Records from a data collection
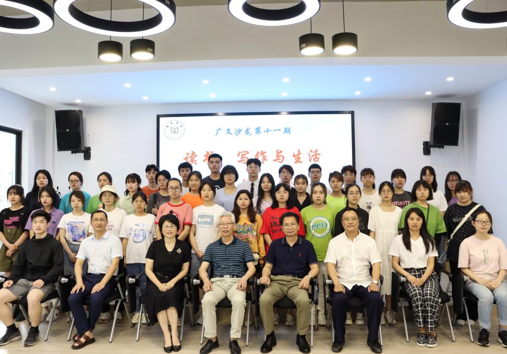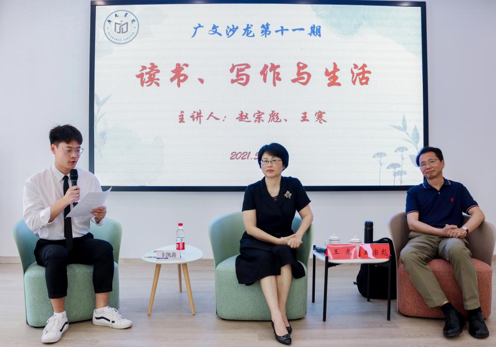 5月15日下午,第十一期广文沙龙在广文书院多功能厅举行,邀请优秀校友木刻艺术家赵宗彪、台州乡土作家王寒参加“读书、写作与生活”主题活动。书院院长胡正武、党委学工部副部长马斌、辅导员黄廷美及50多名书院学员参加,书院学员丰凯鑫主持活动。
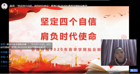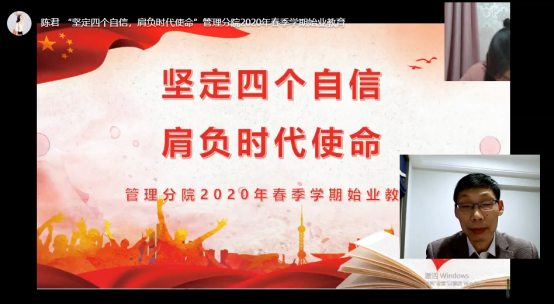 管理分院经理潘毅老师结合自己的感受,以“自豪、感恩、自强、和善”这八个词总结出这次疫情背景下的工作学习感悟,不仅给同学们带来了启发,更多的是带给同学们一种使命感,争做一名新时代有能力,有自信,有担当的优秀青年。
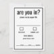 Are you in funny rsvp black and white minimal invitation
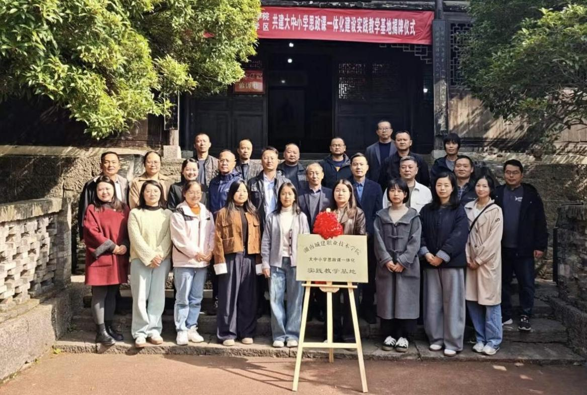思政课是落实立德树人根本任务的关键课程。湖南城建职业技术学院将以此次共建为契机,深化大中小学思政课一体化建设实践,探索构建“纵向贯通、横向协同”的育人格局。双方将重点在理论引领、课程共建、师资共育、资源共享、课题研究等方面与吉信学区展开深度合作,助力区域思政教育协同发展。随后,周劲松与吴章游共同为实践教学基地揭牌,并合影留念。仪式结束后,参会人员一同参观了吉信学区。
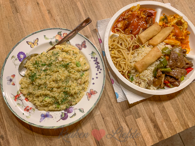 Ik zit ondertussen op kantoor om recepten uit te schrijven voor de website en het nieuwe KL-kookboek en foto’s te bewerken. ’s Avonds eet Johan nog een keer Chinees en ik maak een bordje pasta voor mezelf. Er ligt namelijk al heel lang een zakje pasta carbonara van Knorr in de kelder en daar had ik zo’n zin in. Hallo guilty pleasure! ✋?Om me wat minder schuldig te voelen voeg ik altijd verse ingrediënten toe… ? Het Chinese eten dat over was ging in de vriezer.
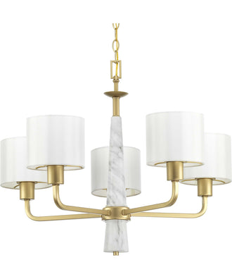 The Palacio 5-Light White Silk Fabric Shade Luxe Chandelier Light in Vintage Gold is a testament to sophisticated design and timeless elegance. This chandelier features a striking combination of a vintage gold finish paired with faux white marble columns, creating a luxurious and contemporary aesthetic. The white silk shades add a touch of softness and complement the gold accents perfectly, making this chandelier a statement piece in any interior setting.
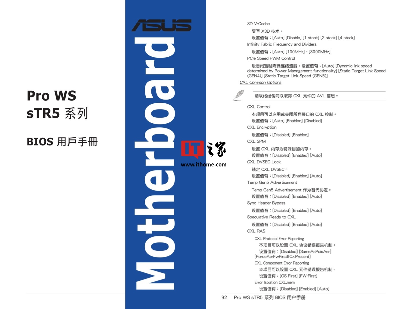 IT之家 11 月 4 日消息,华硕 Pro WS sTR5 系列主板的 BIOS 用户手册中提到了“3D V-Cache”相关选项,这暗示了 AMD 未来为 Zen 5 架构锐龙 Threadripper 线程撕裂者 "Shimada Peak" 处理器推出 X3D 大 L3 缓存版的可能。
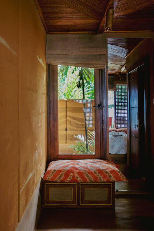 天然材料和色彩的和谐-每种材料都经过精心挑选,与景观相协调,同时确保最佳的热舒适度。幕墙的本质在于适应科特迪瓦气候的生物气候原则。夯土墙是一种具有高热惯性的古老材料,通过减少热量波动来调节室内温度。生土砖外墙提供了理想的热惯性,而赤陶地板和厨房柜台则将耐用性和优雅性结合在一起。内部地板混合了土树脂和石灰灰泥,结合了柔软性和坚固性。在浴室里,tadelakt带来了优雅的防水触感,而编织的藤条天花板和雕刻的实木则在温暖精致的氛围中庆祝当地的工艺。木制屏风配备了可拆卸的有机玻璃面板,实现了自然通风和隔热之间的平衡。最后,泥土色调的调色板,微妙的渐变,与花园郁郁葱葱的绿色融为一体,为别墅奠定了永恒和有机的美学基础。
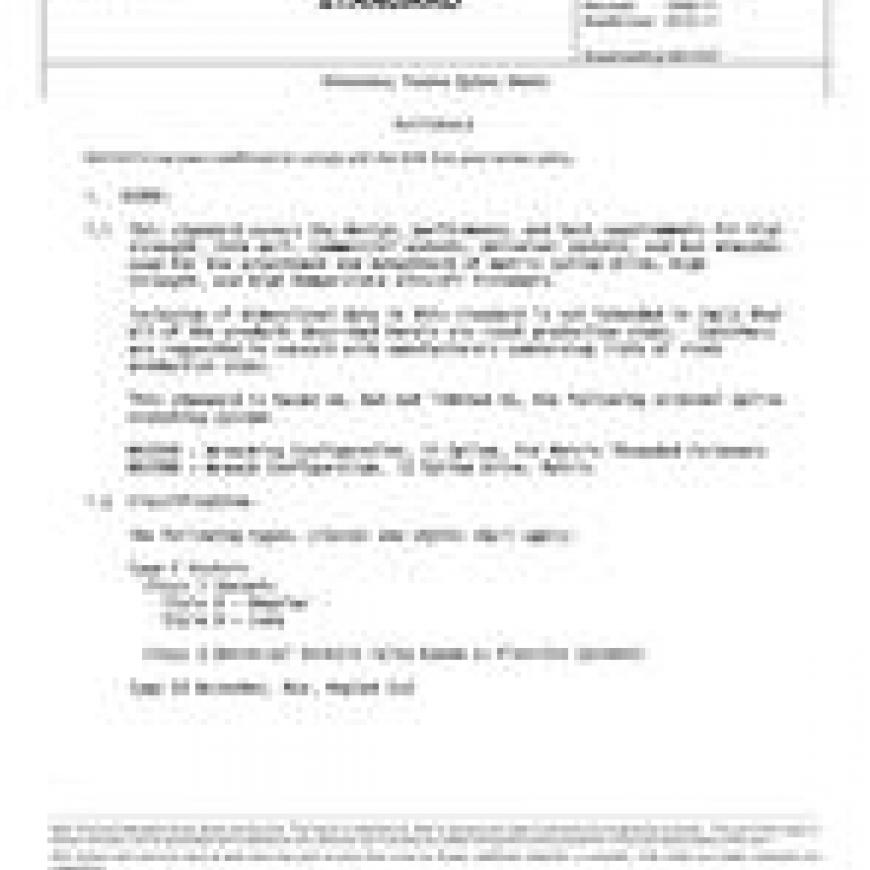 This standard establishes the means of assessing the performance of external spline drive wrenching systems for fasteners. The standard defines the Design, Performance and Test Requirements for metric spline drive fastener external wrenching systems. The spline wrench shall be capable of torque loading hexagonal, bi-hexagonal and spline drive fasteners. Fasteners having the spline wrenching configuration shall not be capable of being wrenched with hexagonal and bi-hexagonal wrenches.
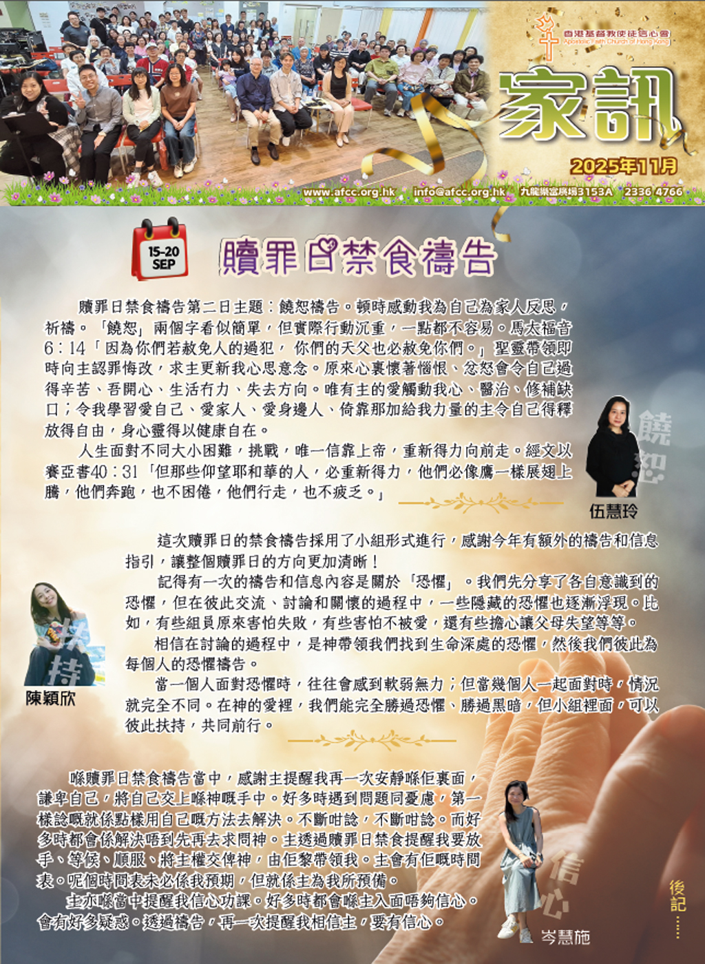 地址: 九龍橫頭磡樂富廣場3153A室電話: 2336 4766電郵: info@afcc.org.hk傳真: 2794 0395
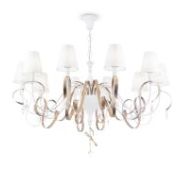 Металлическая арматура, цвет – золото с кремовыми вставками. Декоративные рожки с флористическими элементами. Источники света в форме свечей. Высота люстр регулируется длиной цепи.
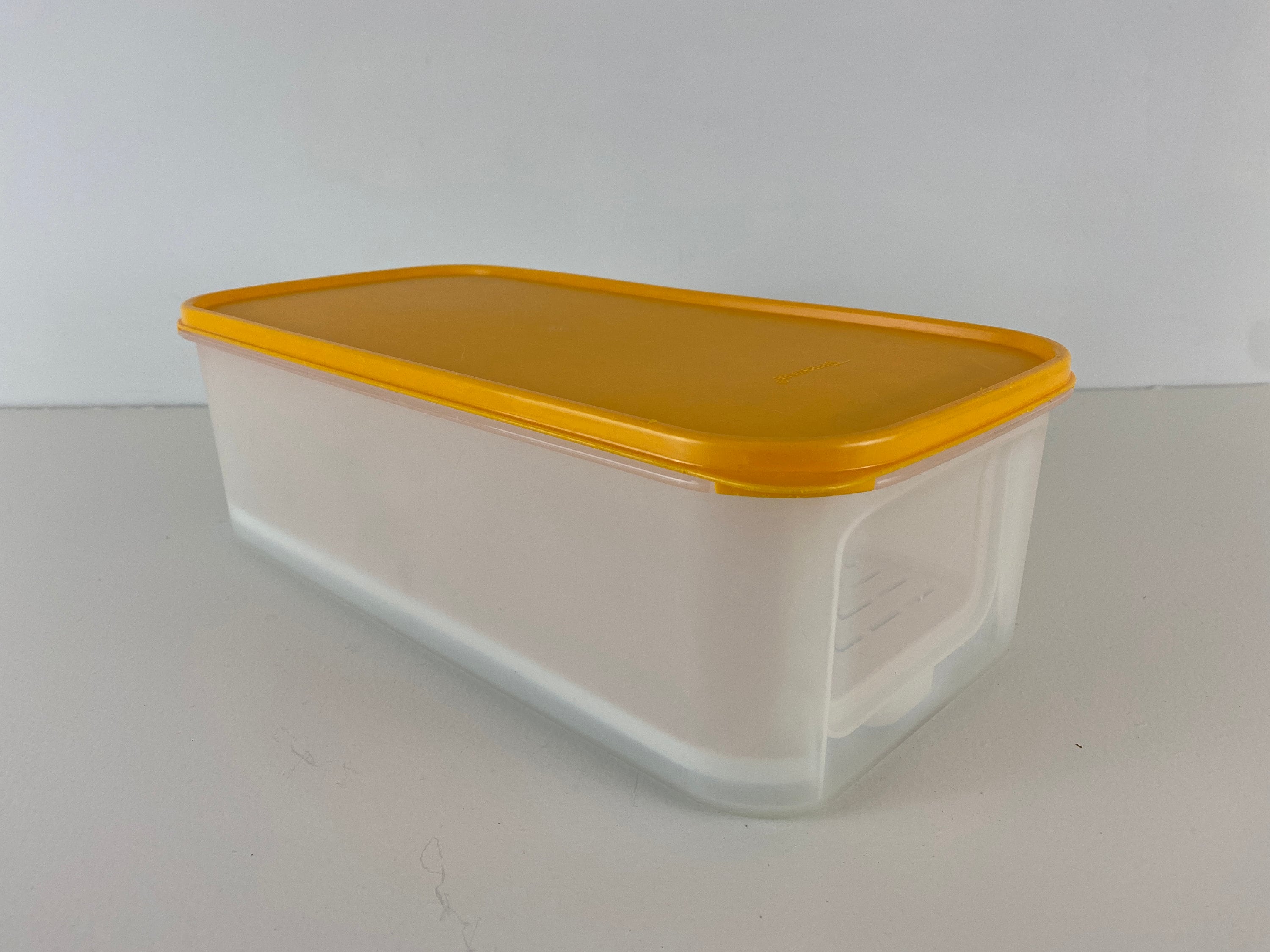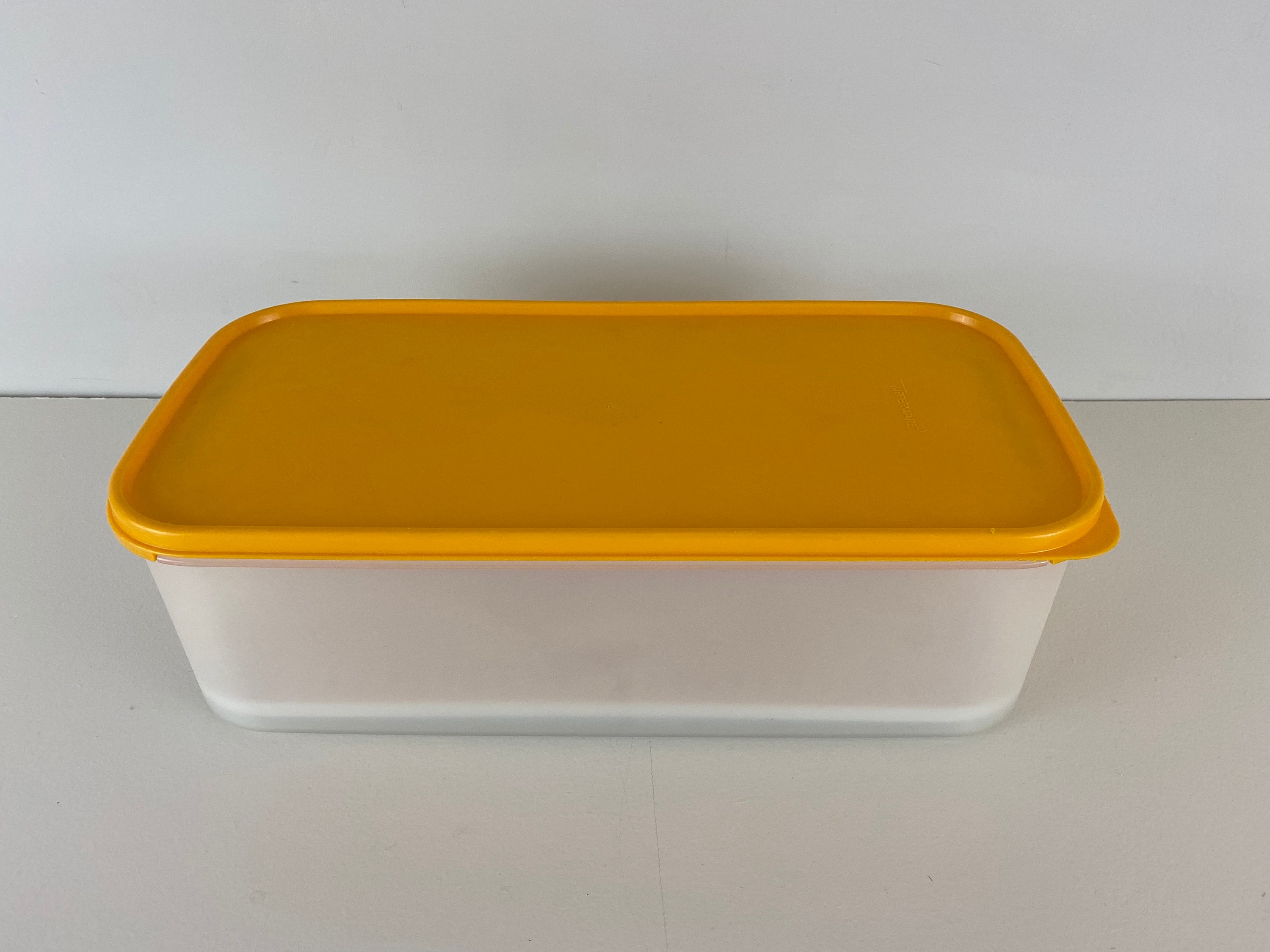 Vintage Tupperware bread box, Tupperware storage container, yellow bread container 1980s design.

▶ **ASSIGNMENT**
The lines from the one containing "地址: 九龍橫頭磡樂富廣場3153A室電話: 2336" through the last line of the records are what you should copy, word for word and nothing else, with pictures left out.

▶ **YOUR RESPONSE**
 地址: 九龍橫頭磡樂富廣場3153A室電話: 2336 4766電郵: info@afcc.org.hk傳真: 2794 0395
 Металлическая арматура, цвет – золото с кремовыми вставками. Декоративные рожки с флористическими элементами. Источники света в форме свечей. Высота люстр регулируется длиной цепи.
 Vintage Tupperware bread box, Tupperware storage container, yellow bread container 1980s design.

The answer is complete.